Panels of mRNAs and miRNAs for decoding molecular mechanisms of Renal Cell Carcinoma (RCC) subtypes utilizing Artificial Intelligence approaches

Abstract

AbstractRenal Cell Carcinoma (RCC) encompasses three histological subtypes, including clear cell RCC (KIRC), papillary RCC (KIRP), and chromophobe RCC (KICH) each of which has different clinical courses, genetic/epigenetic drivers, and therapeutic responses. This study aimed to identify the significant mRNAs and microRNA panels involved in the pathogenesis of RCC subtypes. The mRNA and microRNA transcripts profile were obtained from The Cancer Genome Atlas (TCGA), which were included 611 ccRCC patients, 321 pRCC patients, and 89 chRCC patients for mRNA data and 616 patients in the ccRCC subtype, 326 patients in the pRCC subtype, and 91 patients in the chRCC for miRNA data, respectively. To identify mRNAs and miRNAs, feature selection based on filter and graph algorithms was applied.
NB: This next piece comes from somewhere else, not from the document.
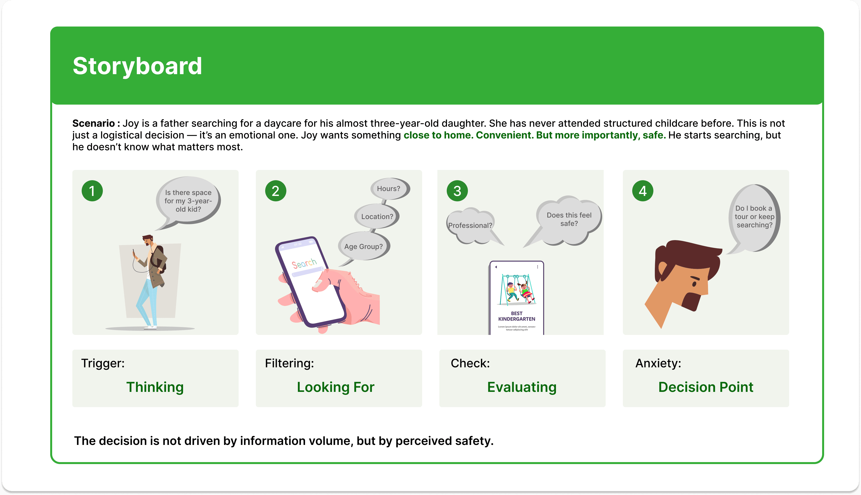 I reframed the project as designing a structured evaluation pathway for parents navigating childcare decisions.
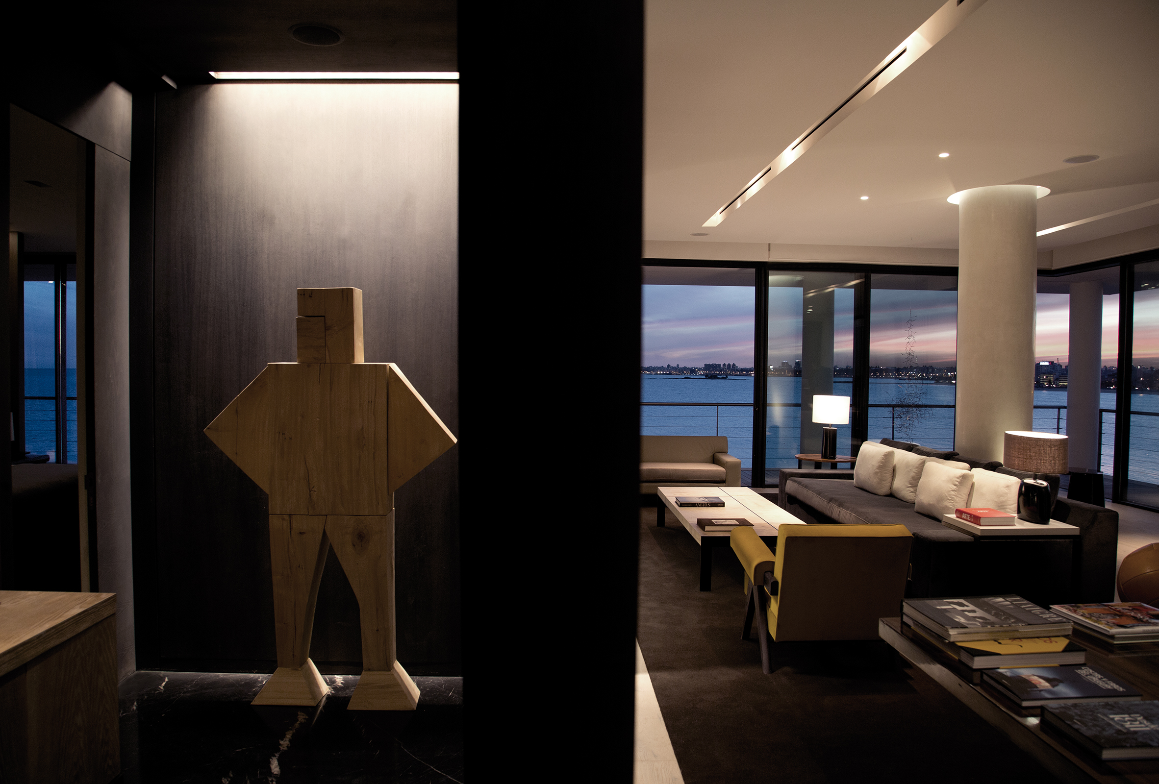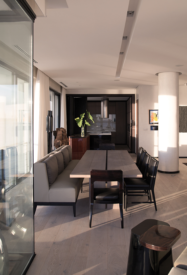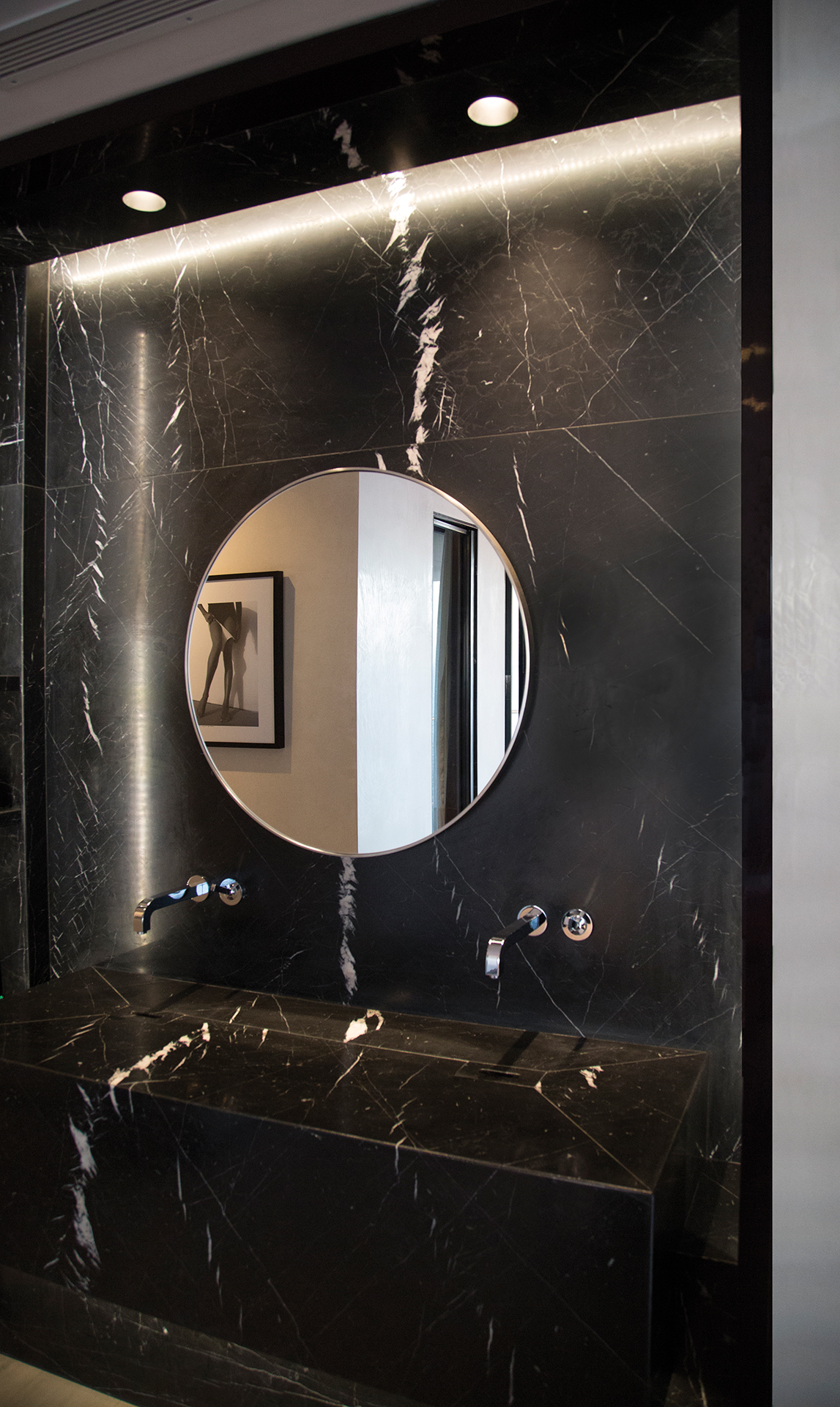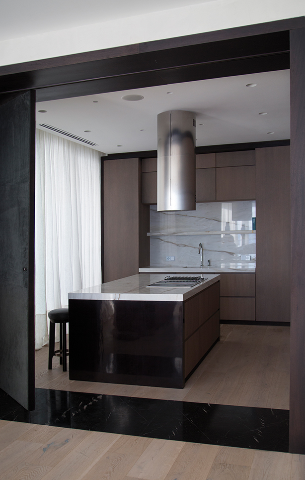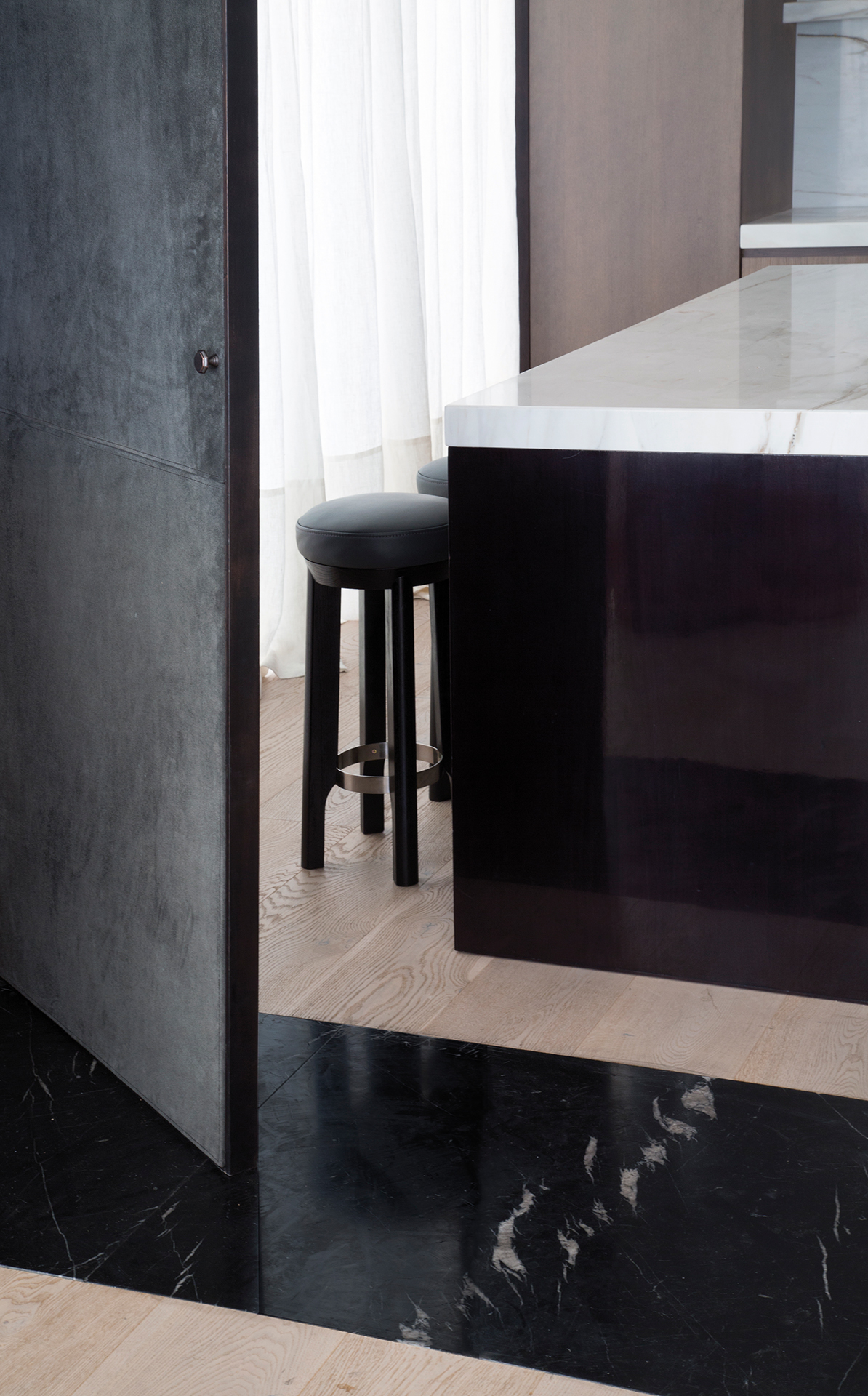 Piezas de mármol negro marquina fueron empleadas para generar las interfaces en la circulación. Aparecen integrando el comedor con la cocina, el hall de circulación con el baño social, en el dormitorio, los vestidores y el baño. Los enormes ventanales lucen cortinas en back out y otras con gruesos listones de madera que a modo de persianas aportan contención a la amplitud que ofrecen los espacios interiores. Las puertas se mimetizan con las paredes y en algunos casos, como la cocina o los dormitorios, están revestidas en gamuza color gris. Tiradores y herrajes en metal se presentan como detalles que acentúan el espíritu varonil de la escenografía propuesta por Balut. La iluminación cenital se apoya en luminarias belgas, especialmente importadas, con aperturas breves, con lo cual el carácter es dramático,

Then, a deep model was used to classify the subtypes of the RCC. Finally, an association rule mining algorithm was used to disclose features with significant roles to trigger molecular mechanisms to cause RCC subtypes. Panels of 77 mRNAs and 73 miRNAs could discriminate the KIRC, KIRP, and KICH subtypes from each other with 92% (F1-score ≥ 0.9, AUC ≥ 0.89) and 95% accuracy (F1-score ≥ 0.93, AUC ≥ 0.95), respectively. The Association Rule Mining analysis could identify miR-28 (repeat count = 2642) and CSN7A (repeat count = 5794) along with the miR-125a (repeat count = 2591) and NMD3 (repeat count = 2306) with the highest repeat counts, in the KIRC and KIRP rules, respectively. This study found new panels of mRNAs and miRNAs to distinguish among RCC subtypes, which were able to provide new insights into the underlying responsible mechanisms for the initiation and progression of KIRC and KIRP. The proposed mRNA and miRNA panels have a high potential to be as biomarkers of RCC subtypes and should be examined in future clinical studies.